**STORED DATA**
******************************

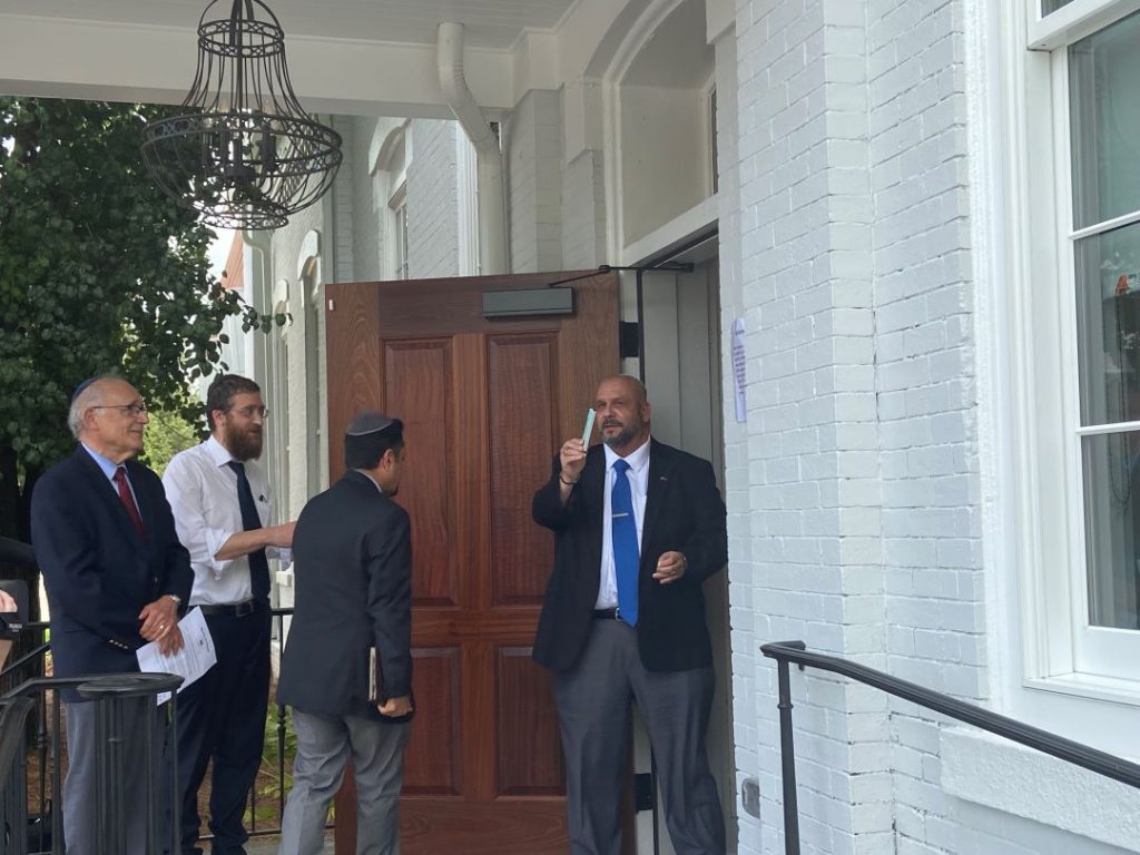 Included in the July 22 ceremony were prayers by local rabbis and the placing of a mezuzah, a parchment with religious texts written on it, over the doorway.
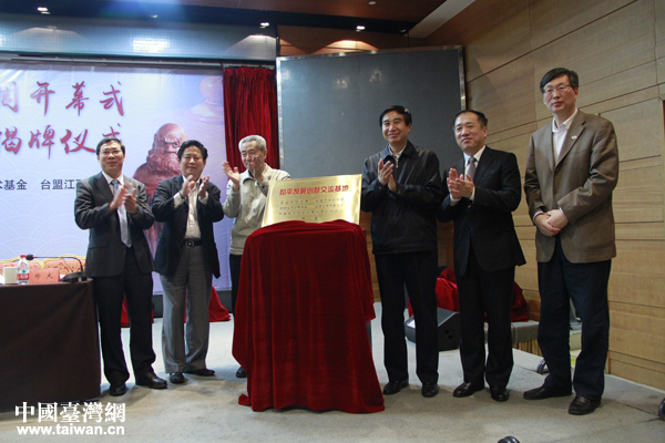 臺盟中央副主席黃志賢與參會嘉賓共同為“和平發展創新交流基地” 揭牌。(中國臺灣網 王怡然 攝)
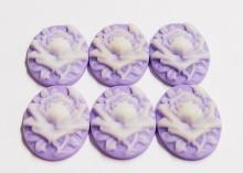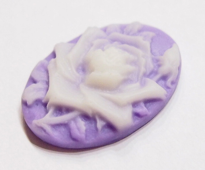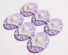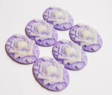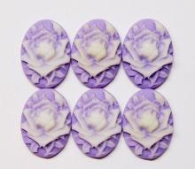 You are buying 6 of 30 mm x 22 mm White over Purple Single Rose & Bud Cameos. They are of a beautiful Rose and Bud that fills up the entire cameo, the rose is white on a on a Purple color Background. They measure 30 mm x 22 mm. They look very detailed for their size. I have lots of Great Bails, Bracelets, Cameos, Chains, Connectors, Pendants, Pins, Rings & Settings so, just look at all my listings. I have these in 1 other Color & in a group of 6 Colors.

******************************

**TASK STATEMENT**
Every line above should be copied exactly; do not carry over the pictures.

**FINAL ANSWER**
 Included in the July 22 ceremony were prayers by local rabbis and the placing of a mezuzah, a parchment with religious texts written on it, over the doorway.
 臺盟中央副主席黃志賢與參會嘉賓共同為“和平發展創新交流基地” 揭牌。(中國臺灣網 王怡然 攝)
 You are buying 6 of 30 mm x 22 mm White over Purple Single Rose & Bud Cameos. They are of a beautiful Rose and Bud that fills up the entire cameo, the rose is white on a on a Purple color Background. They measure 30 mm x 22 mm. They look very detailed for their size. I have lots of Great Bails, Bracelets, Cameos, Chains, Connectors, Pendants, Pins, Rings & Settings so, just look at all my listings. I have these in 1 other Color & in a group of 6 Colors.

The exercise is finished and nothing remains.